"Sakit banget kah kakinya?"
Aku menoleh karena suara lembut Mirah yang berada di sebelahku. "Enggak terlalu, hehe. Udah dioles krim panas," balasku sambil menyengir.
Kini kami berdua sedang duduk berjarak di teras depan ruang OSIS, menunggu kedatangan pembina yang akan memimpin pertemuan setelah kelas sembilan bubar nanti.
"Maafkan aku, ya." Suara Mirah melirih. Kepalanya menunduk.
Aku jadi tak enak, lekas membalas, "Enggak, Mir.
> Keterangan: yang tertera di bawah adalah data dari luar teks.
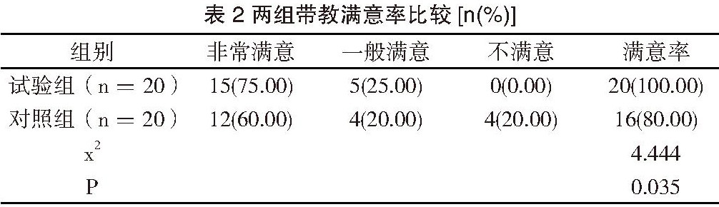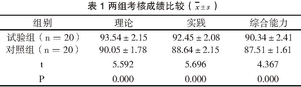 选择骨科实习护生40人,带教时间2021年6月-12月。随机数字表法分成两组,对照组20人,全部为女性;年龄21-25岁,平均(23.34±0.34)岁;学历:本科9人、大专11人。试验组20人,全部为女性;年龄21-25岁,平均(23.40±0.33)岁;学历:本科10人、大专10人。

Ini bukan salah kamu." Meski memang kakiku sakit, tetapi aku tak menyalahkan Mirah karena ini adalah salahku sendiri yang menjerit sampai ketahuan Candra dan dihajar Kak Tantan.
Terdengar helaan napas Mirah. "Aku minta maaf karena kemarin sembarangan pegang-pegang kamu. Aku sangat menyesal. Astaghfirullah." Nada suara Mirah di ujungnya terdengar frustrasi. Dia bahkan sampai mengusap wajah, menunjukkan penyesalan. Mengingat dia anak Rohis, pasti Mirah sangat memerhatikan syariat dan merasa bersalah karena melanggar larangan Allah.
Aku makin merasa tak enak. "Enggak apa-apa mungkin, kan situasinya kemarin genting. Lagi pula kita kan enggak pegangan langsung ke kulit, kehalang kain bajuku," ucapku sembari menggaruk tangan, berusaha menenangkan.
Mirah tak menanggapi. Dia terus menunduk memainkan tangan di pangkuannya.
"Anu ... kamu sendiri enggak apa-apa?" Kemarin kan aku meninggalkan dia sendirian di hadapan para cowok kasar. Aku khawatir dia mendapat hal yang tidak enak.
Mirah mulai mengangkat wajahnya, tetapi tidak memandangku, dia malah melihat ke depan. "Setelah kamu pergi Candra marah."
Bola mataku melebar. Jangan-jangan Candra menyakiti Mirah. Astaghfirullah Lais! Enggak boleh negatif thinking.
Sebelum aku menanggapi, Mirah melanjutkan. "Tapi cuman lewat ucapan. Dia enggak main kekerasan fisik. Itu pun enggak lama, dia sama orang-orang yang disogoknya langsung pergi pas orang tua kami pulang."
"Alhamdulillah." Aku cukup lega. Entah bagaimanapun hubungan keluarga mereka, aku tak mau kepo, yang penting aku tahu Mirah baik-baik saja.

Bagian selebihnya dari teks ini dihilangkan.